Aim of the exercise:
What are the lines below, starting at the line containing "Вкрестьянско-фермерском хозяйстве Валентина" and ending at the line containing "Stage de chant"? Write them out exactly, ends included, without pictures.
(Provided data Opens)
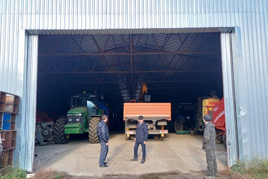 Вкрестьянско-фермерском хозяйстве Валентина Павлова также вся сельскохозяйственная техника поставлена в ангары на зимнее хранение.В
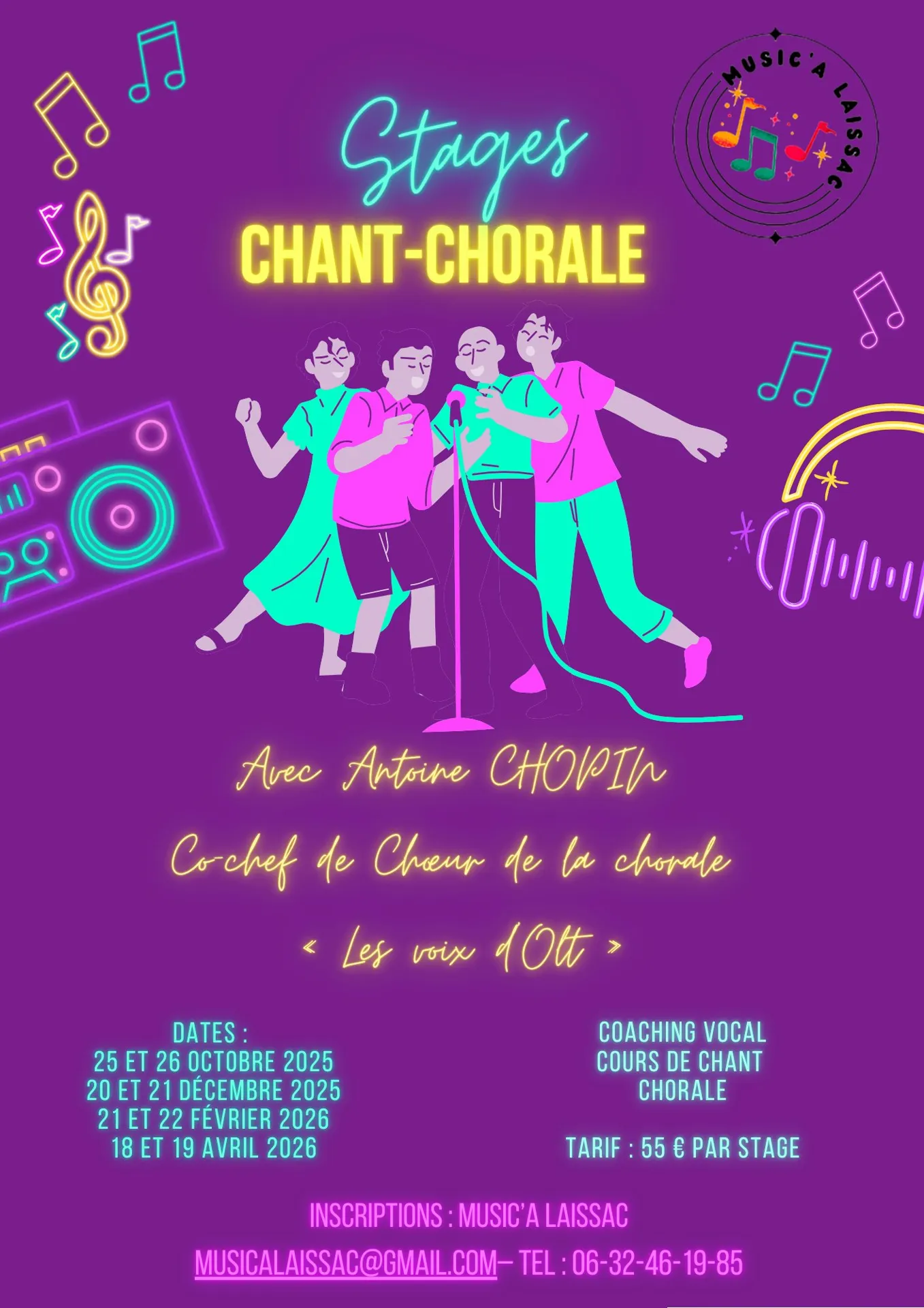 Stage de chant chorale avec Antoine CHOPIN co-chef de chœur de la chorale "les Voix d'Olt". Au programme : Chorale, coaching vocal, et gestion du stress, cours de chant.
(Provided data Closes)
(Provided data Opens)
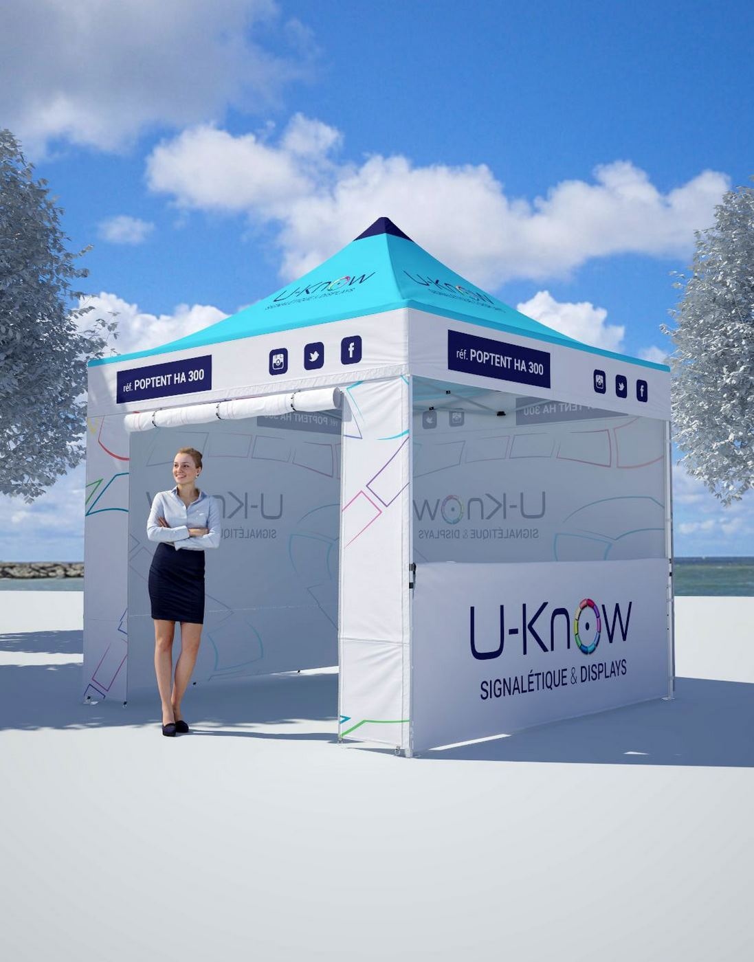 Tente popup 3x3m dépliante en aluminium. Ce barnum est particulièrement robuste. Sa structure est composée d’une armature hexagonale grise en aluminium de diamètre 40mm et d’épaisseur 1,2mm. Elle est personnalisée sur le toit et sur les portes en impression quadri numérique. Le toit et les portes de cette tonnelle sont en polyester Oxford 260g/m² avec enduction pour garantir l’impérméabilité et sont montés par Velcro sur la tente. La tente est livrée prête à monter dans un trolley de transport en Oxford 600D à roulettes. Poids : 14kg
(Provided data Closes)
(Provided data Opens)
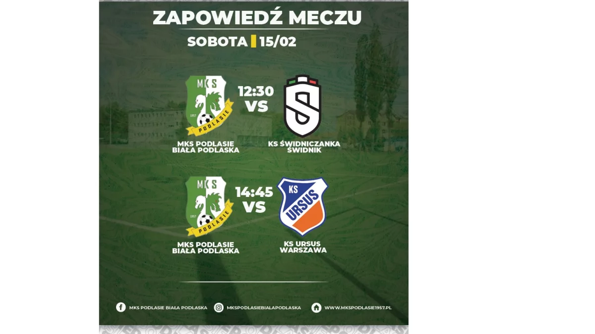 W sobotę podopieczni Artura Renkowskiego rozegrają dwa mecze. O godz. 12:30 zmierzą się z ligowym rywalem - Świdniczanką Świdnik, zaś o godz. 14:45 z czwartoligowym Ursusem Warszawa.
(Provided data Closes)
Result:
 Вкрестьянско-фермерском хозяйстве Валентина Павлова также вся сельскохозяйственная техника поставлена в ангары на зимнее хранение.В
 Stage de chant chorale avec Antoine CHOPIN co-chef de chœur de la chorale "les Voix d'Olt". Au programme : Chorale, coaching vocal, et gestion du stress, cours de chant.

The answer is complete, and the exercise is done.